If you're looking for adjectives and categories, the two on the back cover are as good as any: "surrealist" and "absurdist." Despite fantasy elements in many of the stories, and a few touches of horror, I'd definitely shelve this one with literary fiction rather than SF&F. Whatever box you try to put it in, The Third Bear is simply an excellent collection of short fiction that you're guaranteed to think about long after you turn the final page. Highly recommended.
1 of 1 people found the following review helpful
5.0 out of 5 stars Excellent Stories, Hidden Treasures 29 Aug 2010
By J. T. Glover - Published on Amazon.com
Format:Paperback
This is a very fine collection to add to your bookshelf. Each story, whether a fable about a shark god, a novella about a surgeon, or a tiny story about a magician, is full of the twists and turns of character and language that readers expect from Jeff VanderMeer. This is a great book for readers who enjoy engaging, thought-provoking stories that will linger in your memory long after you have finished reading them.
4 of 6 people found the following review helpful
3.0 out of 5 stars Atmosphere? Check. Plot? Um... 3 Dec 2010
By flaviolius - Published on Amazon.com
Format:Paperback|Amazon Verified Purchase
Jeff VanderMeer is massively talented. Of that there's little doubt. His ridiculously emotive pen (keyboard, etc.) is able to effortlessly concoct phrases, conjure images, and create characters which are incredibly immersive and atmospheric.

However, in my experience with his work, I've often found his plots to be lacking; that is, what happens in his stories and novels don't reach the dizzying heights of his writing. I'm not sure if "disappointing" is the right term to describe my reaction - "frustrating" might be more accurate - but I typically come away from VanderMeer feeling like I just woke up from a vastly affecting dream that I can't recall any significant details from. My head swirls with ghosts that have little substance.
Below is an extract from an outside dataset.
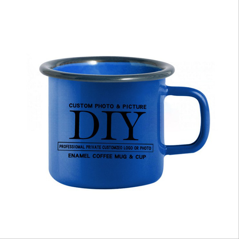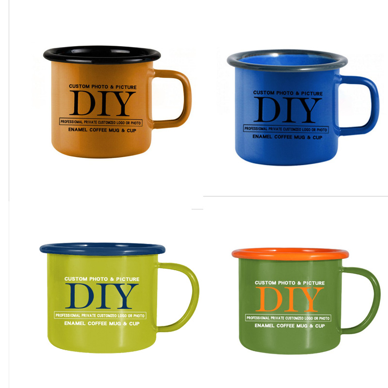 LA535可发样/定制怀旧加厚搪瓷杯LOGO彩色口杯马克杯卷边水杯珐琅杯礼品铁杯子

The novels I've read of his don't suffer from this as much, probably because events are needed to tie everything together. Unfortunately, this sensory fragmentation is amplified in his short fiction, of which The Third Bear is a collection.
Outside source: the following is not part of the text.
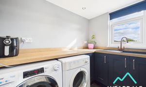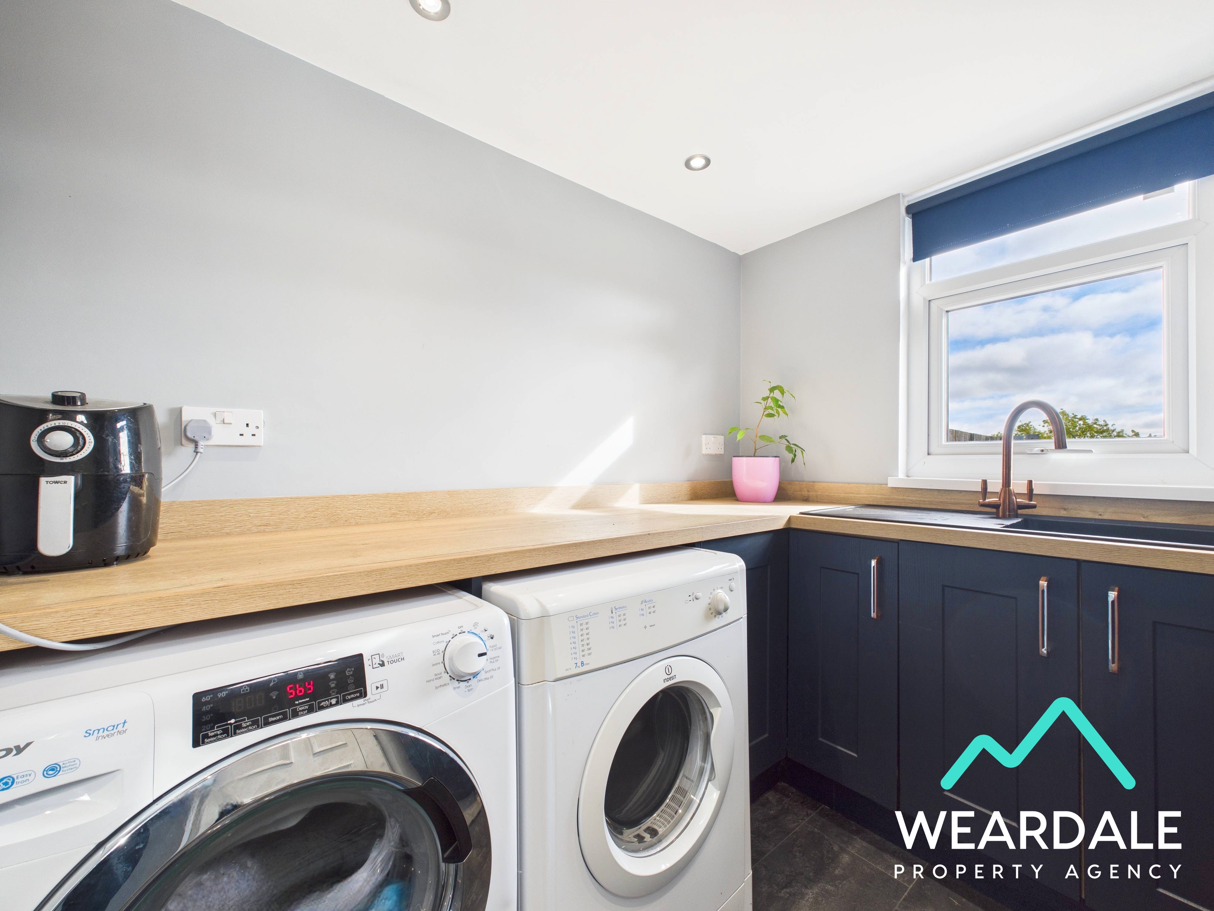 - The utility room is open plan with the kitchen, being positioned to the rear of the property and providing external access to the garden via a uPVC door - uPVC windows to the Southeastern and Western aspects - Further laminate worksurface with additional composite sink and under counter storage units - Ample space for a freestanding fridge freezer and plumbing for a washing machine and tumble dryer - Vinyl tile flooring - Modern vertical radiator - Ceiling spotlights

Perhaps I'm not literate enough to "get" what VanderMeer is doing. It might be way over my head. Still, I feel that many of these stories simply don't work as complete narratives (and yes, I understand that's part of the point he's getting at). I think that's kind of an incomplete way to write short fiction; it's like playing part of an opera for someone, then cutting the power and saying to her "Awesome, yeah? Just imagine how great the rest of it is! But too bad - that's all you get!" For me, the most successful short fiction combines mood AND plot to create complete precious little jewels that work on all levels.
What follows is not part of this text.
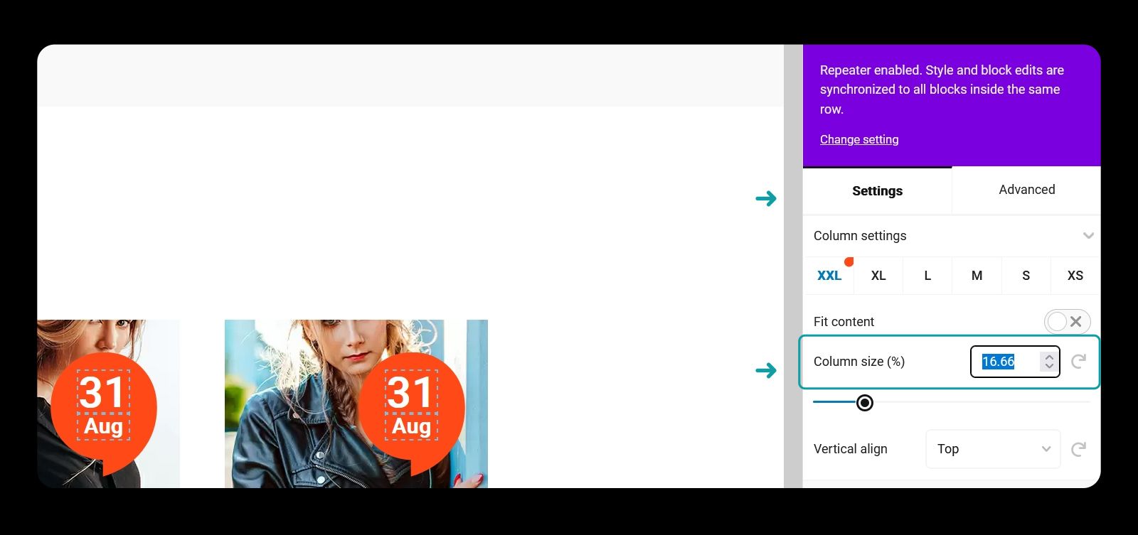 Enable repeater. This will populate the new columns with the content automatically.

I have many questions about the stories in The Third Bear. For example, what happens after the events in the title story? It's a great prelude for something cataclysmic, but I'm left hanging. And what about "Predecessor", which seems like the finale to something incredible - a haunting fragment, yes, but ultimately, an unfulfilling fragment nonetheless. I felt like I was spoiling the end of a novel; I got the gist, but wow, talk about having few points of reference! And "The Situation", a baffling workplace-metaphor collage, seems to rely totally on pure strangeness for its identity. VanderMeer's done a great job showing me the skeleton, now what about the meat?

As experiments with mood, viewpoint, and structure, these stories have few peers (e.g. "Errata"). As a template for how to create effective style and use thickly layered language, they're unmatched. But I couldn't tell you what many of these stories are actually about. Sure, I could give you a vague outline and tell you how the stories made me feel, and you'd say "Wow - how weird, how creative!", but you'd walk away wondering about the rest....just as I did when I closed this book. It's like hearing a joke where you don't understand the punchline; somehow you know it's hilarious, but you're not laughing, and you wonder if there's actually a punchline at all.

As poetry, The Third Bear is a staggering triumph. As a collection of successful short stories, it doesn't quite work for me.